- **Task input**
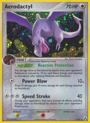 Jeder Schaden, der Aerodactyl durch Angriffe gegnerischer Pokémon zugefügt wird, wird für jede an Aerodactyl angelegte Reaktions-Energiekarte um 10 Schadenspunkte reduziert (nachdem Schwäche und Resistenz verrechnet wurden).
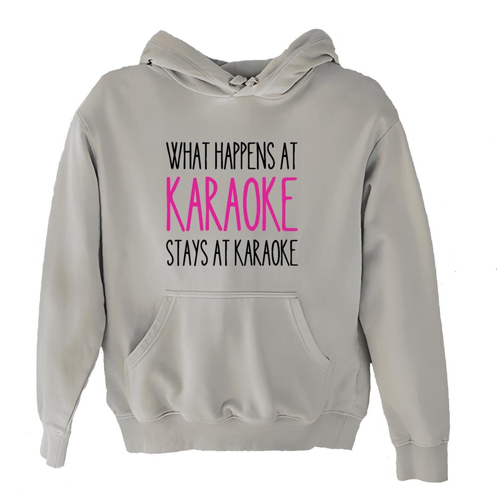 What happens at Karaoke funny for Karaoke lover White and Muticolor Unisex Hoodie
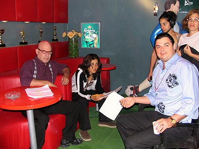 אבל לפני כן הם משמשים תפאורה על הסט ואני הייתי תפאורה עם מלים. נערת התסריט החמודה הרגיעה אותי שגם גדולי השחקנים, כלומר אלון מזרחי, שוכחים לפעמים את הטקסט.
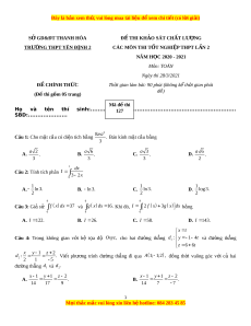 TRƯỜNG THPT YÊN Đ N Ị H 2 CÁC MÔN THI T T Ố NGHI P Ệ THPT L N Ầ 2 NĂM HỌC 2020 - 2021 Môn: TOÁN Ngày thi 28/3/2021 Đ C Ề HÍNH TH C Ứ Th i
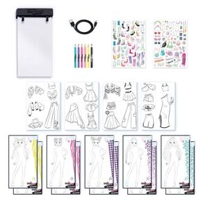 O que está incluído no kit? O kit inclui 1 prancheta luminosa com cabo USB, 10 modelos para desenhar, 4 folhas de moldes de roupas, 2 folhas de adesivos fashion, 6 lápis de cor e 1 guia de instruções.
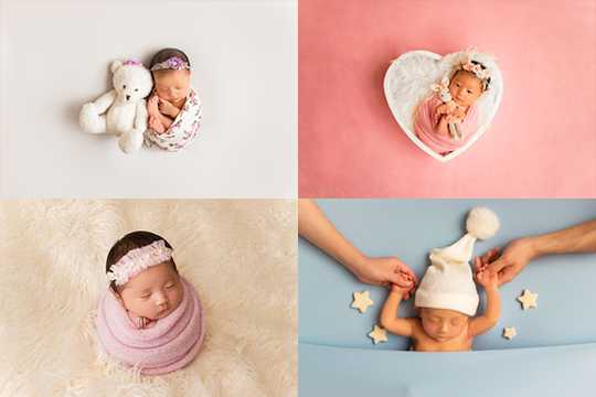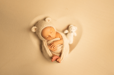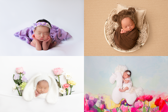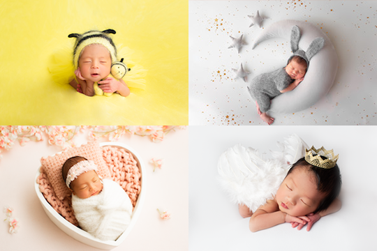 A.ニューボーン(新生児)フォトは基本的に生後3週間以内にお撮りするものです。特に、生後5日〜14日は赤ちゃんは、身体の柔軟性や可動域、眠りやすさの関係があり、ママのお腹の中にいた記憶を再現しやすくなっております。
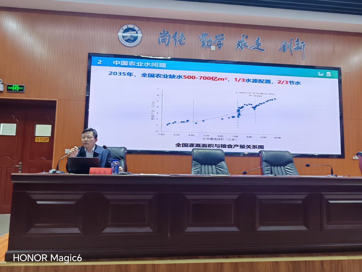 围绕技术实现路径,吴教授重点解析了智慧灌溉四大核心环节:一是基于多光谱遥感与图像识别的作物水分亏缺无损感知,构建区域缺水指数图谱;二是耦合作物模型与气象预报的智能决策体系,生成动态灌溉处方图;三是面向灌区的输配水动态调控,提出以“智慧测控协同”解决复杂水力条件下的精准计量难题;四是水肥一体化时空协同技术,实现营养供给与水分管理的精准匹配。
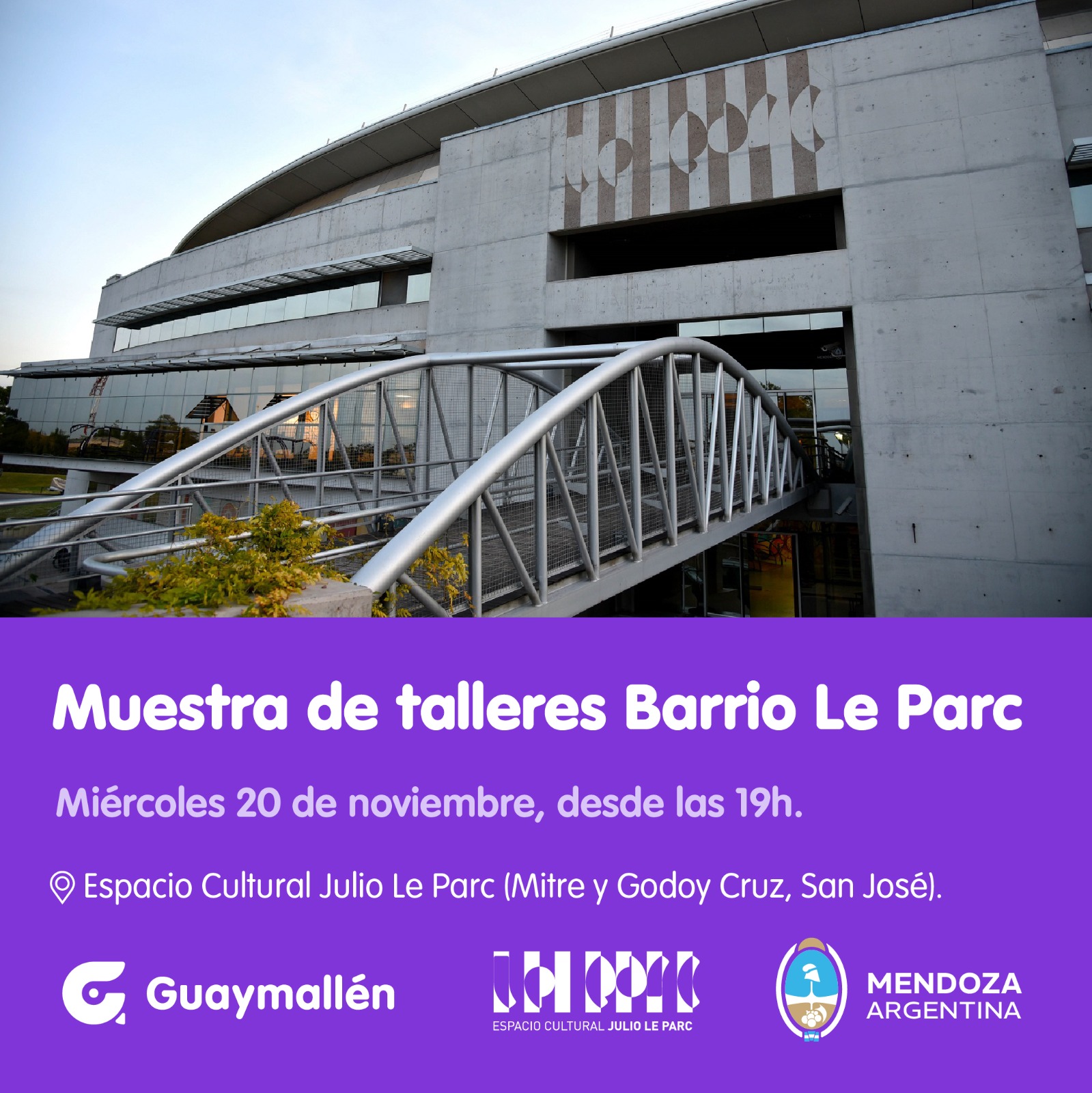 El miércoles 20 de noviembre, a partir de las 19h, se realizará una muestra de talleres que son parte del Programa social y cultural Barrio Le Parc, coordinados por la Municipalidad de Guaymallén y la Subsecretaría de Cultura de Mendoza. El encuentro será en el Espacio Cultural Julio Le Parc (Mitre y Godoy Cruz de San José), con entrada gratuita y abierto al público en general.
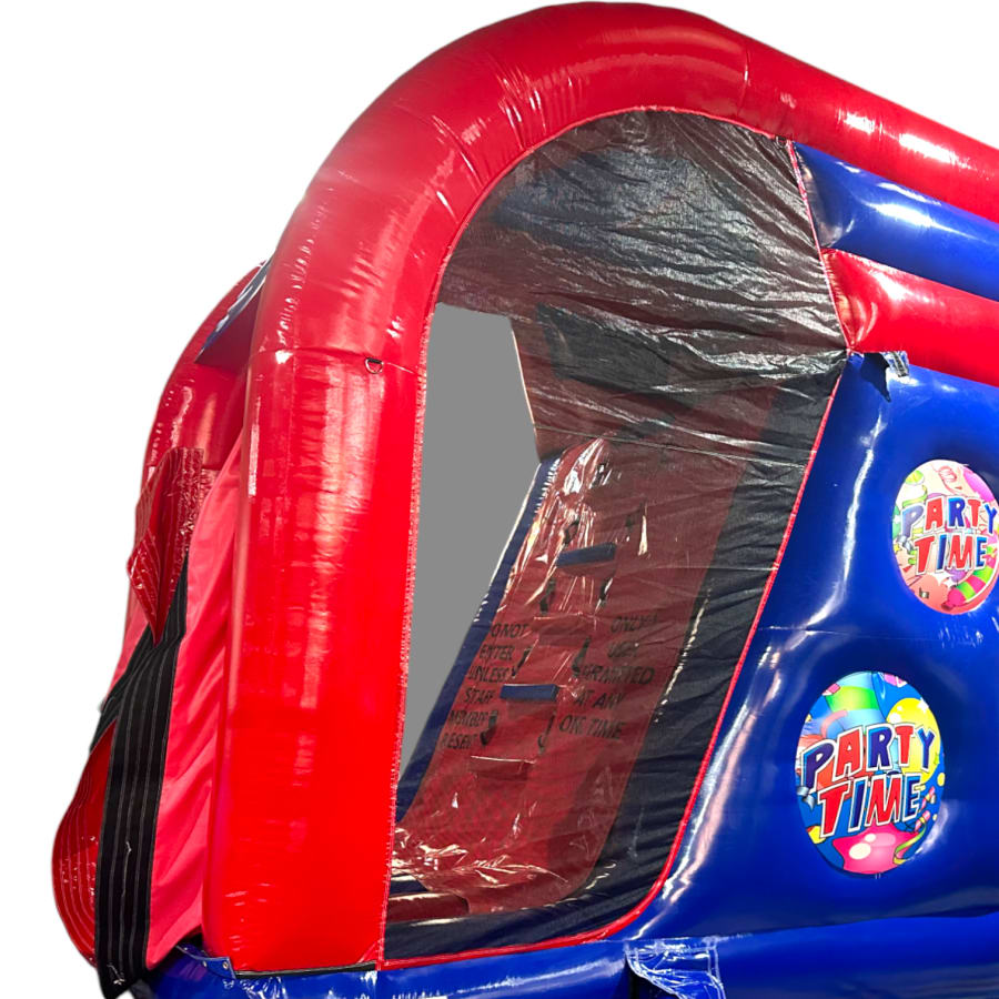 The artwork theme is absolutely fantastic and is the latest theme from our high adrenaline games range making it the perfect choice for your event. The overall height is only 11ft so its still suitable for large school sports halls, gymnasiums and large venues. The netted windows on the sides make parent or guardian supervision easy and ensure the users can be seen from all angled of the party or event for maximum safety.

---

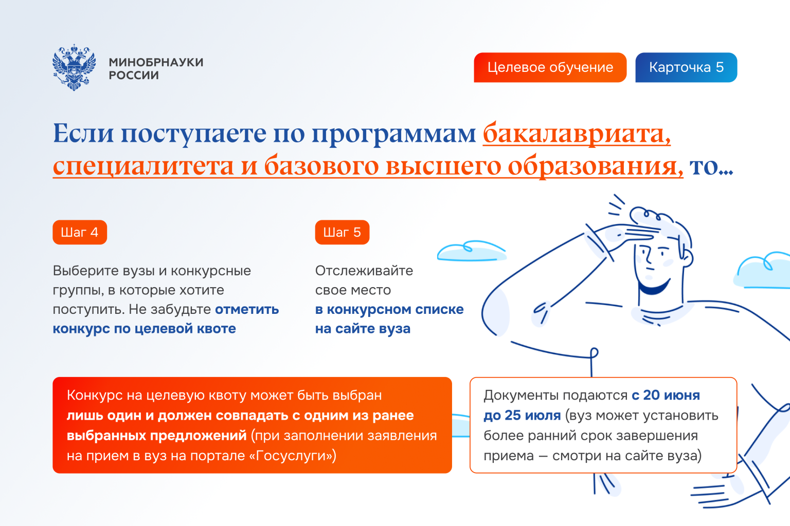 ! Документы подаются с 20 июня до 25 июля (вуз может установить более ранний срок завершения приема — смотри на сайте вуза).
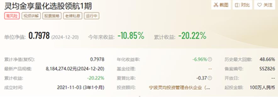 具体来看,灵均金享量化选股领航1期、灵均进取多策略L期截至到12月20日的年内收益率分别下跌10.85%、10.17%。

- **Problem to work on**
Only one stretch of the entries above is needed: the lines from the one containing "What happens at" through the one containing "אבל לפני כן". Copy it exactly, without the pictures.

- **Output for this exercise**
 What happens at Karaoke funny for Karaoke lover White and Muticolor Unisex Hoodie
 אבל לפני כן הם משמשים תפאורה על הסט ואני הייתי תפאורה עם מלים. נערת התסריט החמודה הרגיעה אותי שגם גדולי השחקנים, כלומר אלון מזרחי, שוכחים לפעמים את הטקסט.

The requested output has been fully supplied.